Implement NN HAL for compilation caching.
Add three methods
- IDevice::isCachingSupported
- IDevice::prepareModelFromCache
- IPreparedModel::saveToCache
Bug: 119616526
Test: NeuralNetworksTest_static
Test: VtsHalNeuralnetworksV1_xTargetTest with 1.2 sample driver
Change-Id: If28ffe0be48bcb9f4715293fc1201c8d2dbeb946
diff --git a/neuralnetworks/1.2/IDevice.hal b/neuralnetworks/1.2/IDevice.hal
index 6c3b483..de249b0 100644
--- a/neuralnetworks/1.2/IDevice.hal
+++ b/neuralnetworks/1.2/IDevice.hal
@@ -98,6 +98,25 @@
generates (ErrorStatus status, vec<bool> supportedOperations);
/**
+ * Gets whether the driver supports compilation caching.
+ *
+ * isCachingSupported indicates whether the driver supports compilation caching.

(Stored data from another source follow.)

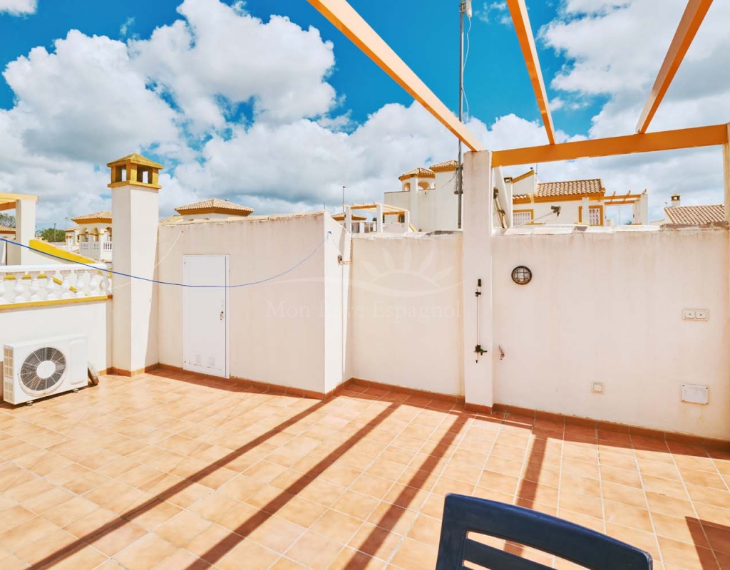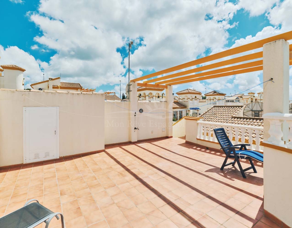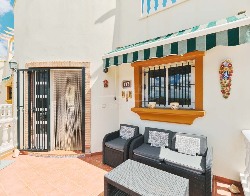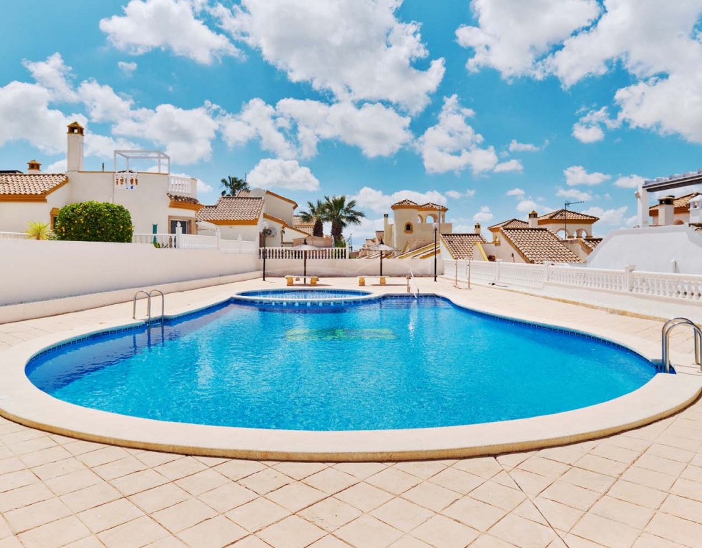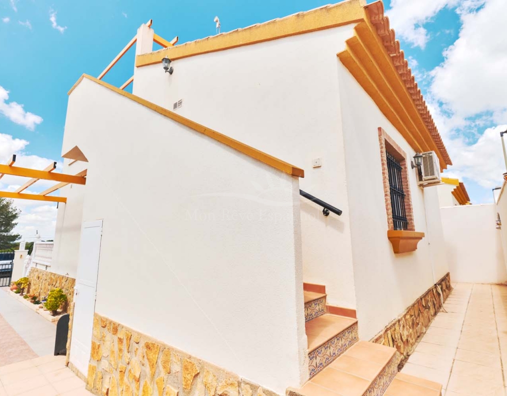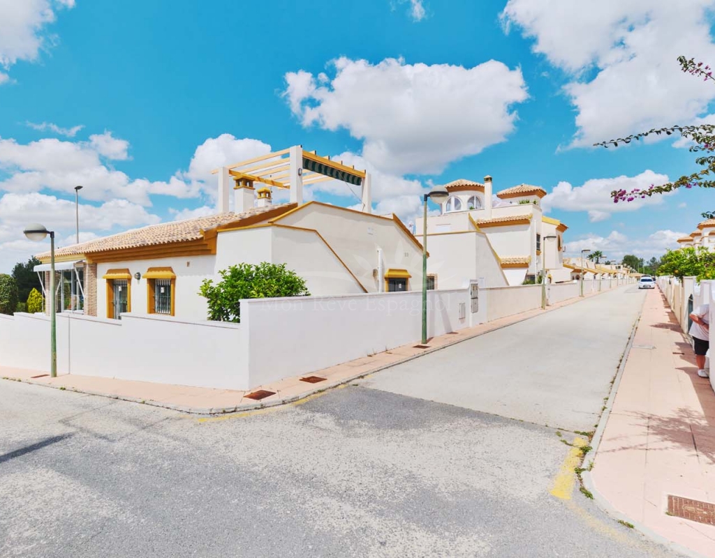 South-facing, 2-bedroom, 2-bathroom detached house with stunning countryside views and access to a large communal swimming pool, located in the pretty, leafy village of Pinar de Campoverde. Situated on an easy-to-maintain plot of 185m², this fabulous villa is just a few minutes' walk from amenities and only 10km from the famous Blue Flag beaches of Torre de la Horadada and Mil Palmeras.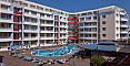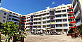 Комплекс Central Plaza повністю виправдовує свою назву, адже розташований у самому центрі курорту Сонячний Берег — лише за 500 метрів від моря. У пішій доступності є вся необхідна інфраструктура: популярні заклади (ресторан і супермаркет «Джанні»), центральна пішохідна вулиця з готелем «Кубань», ринок, нічні клуби та казино. Для тих, хто планує постійне проживання, поруч є медичний центр, дитячий садок і школа. Комплекс пропонує мешканцям комфорт: басейн із баром, рецепцію, паркінг і охорону. Річна такса обслуговування становить лише 10 євро за кв.м.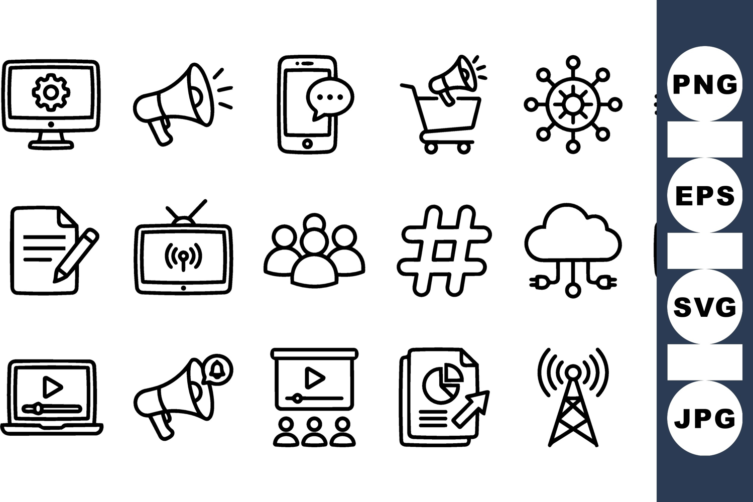 Social Media Icons Digital Communication Icons Technology Icon Set Minimal Outline Icons Online Network Graphics Broadcast And Media Icons Computer And Smartphone Icons Cloud Connection Graphics Marketing And Presentation Icons Vector Technology Bundle

+ * Even if so, the driver may still choose not to cache certain compiled models.
+ *
+ * If the device reports the caching is not supported, the user may avoid calling
+ * IDevice::prepareModelFromCache and IPreparedModel::saveToCache.
+ *
+ * @return status Error status of the call, must be:
+ * - NONE if successful
+ * - DEVICE_UNAVAILABLE if driver is offline or busy
+ * - GENERAL_FAILURE if there is an unspecified error
+ * @return supported A boolean indicating whether the driver supports compilation
+ * caching. Even on returning true, the driver may still choose
+ * not to cache certain compiled models.
+ */
+ isCachingSupported() generates (ErrorStatus status, bool supported);
+
+ /**
* Creates a prepared model for execution.
*
* prepareModel is used to make any necessary transformations or alternative
@@ -153,4 +172,84 @@
prepareModel_1_2(Model model, ExecutionPreference preference,
IPreparedModelCallback callback)
generates (ErrorStatus status);
+
+ /**
+ * Creates a prepared model from cache files for execution.
+ *
+ * prepareModelFromCache is used to retrieve a prepared model directly from
+ * cache files to avoid slow model compilation time. There are exactly two
+ * cache file descriptors provided to the driver: modelCache and dataCache.
+ *
+ * The dataCache is for caching constant data, possibly including preprocessed
+ * and transformed tensor buffers. Any modification to the dataCache should
+ * have no worse effect than generating bad output values at execution time.
+ *
+ * The modelCache is for caching security-sensitive data such as compiled
+ * executable machine code in the device's native binary format. A modification
+ * to the modelCache may affect the driver's execution behavior, and a malicious
+ * client could make use of this to execute beyond the granted permission. Thus,
+ * the driver must always check whether the modelCache is corrupted before preparing
+ * the model from cache.
+ *
+ * The two file descriptors may be closed by the client once the asynchronous
+ * preparation has finished. The driver has to copy all the data it needs.
+ *
+ * The model is prepared asynchronously with respect to the caller. The
+ * prepareModelFromCache function must verify the inputs to the
+ * prepareModelFromCache function are correct, and that the security-sensitive
+ * cache has not been modified since it was last written by the driver.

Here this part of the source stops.